Royal Coster Diamonds is a diamond polishing factory in Amsterdam, Netherlands. Founded in 1840, it is the oldest in the world, and has handled a number of historical masterpieces. For example, it re-polished the Koh-i-Noor, which is mounted in the British Crown of Queen Elizabeth the Queen Mother and the Dresden Green Diamond, held in the New Green Vault at Dresden Castle.

==History==

- 1840: Moses Elias Coster, diamond cutter in Amsterdam, founds Royal Coster Diamonds in a factory building at the Waterlooplein in Amsterdam.
- 1848: Son Meijer Moses Coster (Martin) succeeds his father.

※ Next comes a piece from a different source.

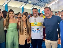 A prefeita Marcela Gomes recebeu neste domingo, 24, em Novo Lino, diversas autoridades políticas de Alagoas para a inauguração de duas importantes obras: a creche Cria e o ginásio de esportes. Ao lado de seu secretariado, Marcela Gomes recepcionou o governador Paulo Dantas, o senador Renan Calheiros, deputado federal Luciano Amaral e o deputado estadual Gilvan Barros, para celebrar um momento tão importante para a população de Novo Lino.

He leaves for Paris for new business.
- 1910: Felix Theodoor Manus purchases Coster Diamonds from one of Coster’s inheritors. It becomes a company and remains so until the German occupation in 1940.
- 1945: After World War II, Wim Biallosterski, owner of a diamond sawing company, purchases the company Royal Coster Diamonds.
- 1962: Ben Meier purchases the Coster premises together with partner Max Meents, Joop Schoos and Simon Cohen.
- 1970: The old diamond factory has to make way for the construction of the town hall (Stopera). Coster Diamonds moves to its current location at the Paulus Potterstraat at the famous Museum Square.
- 1995: The well-known diamond factory Van Moppes Diamonds was purchased by Coster Diamonds.
- 2005: Coster Diamonds was obliged to close the Van Moppes Diamonds factory. Due to events in the world like terrorism and SARS in the Far East, there were hardly any visitors left.
- 2007: Opening of the Diamond Museum Amsterdam to display some of the most beautiful diamond artifacts.
- 2007: Introduction of a new patented round diamond cut with 201 facets. This brilliant cut with 144 extra facets, is called "The Royal 201". It's considered to be the most sparkling diamond cut in the world.
- 2016: King Willem-Alexander of the Netherlands grants Coster Diamonds the Honorary title Royal (Dutch: Koninklijk). Hereby, Coster Diamonds became Royal Coster Diamonds. To become Royal, an organization has to be leading in its field of expertise, be of national importance and has to be in existence for at least 100 years.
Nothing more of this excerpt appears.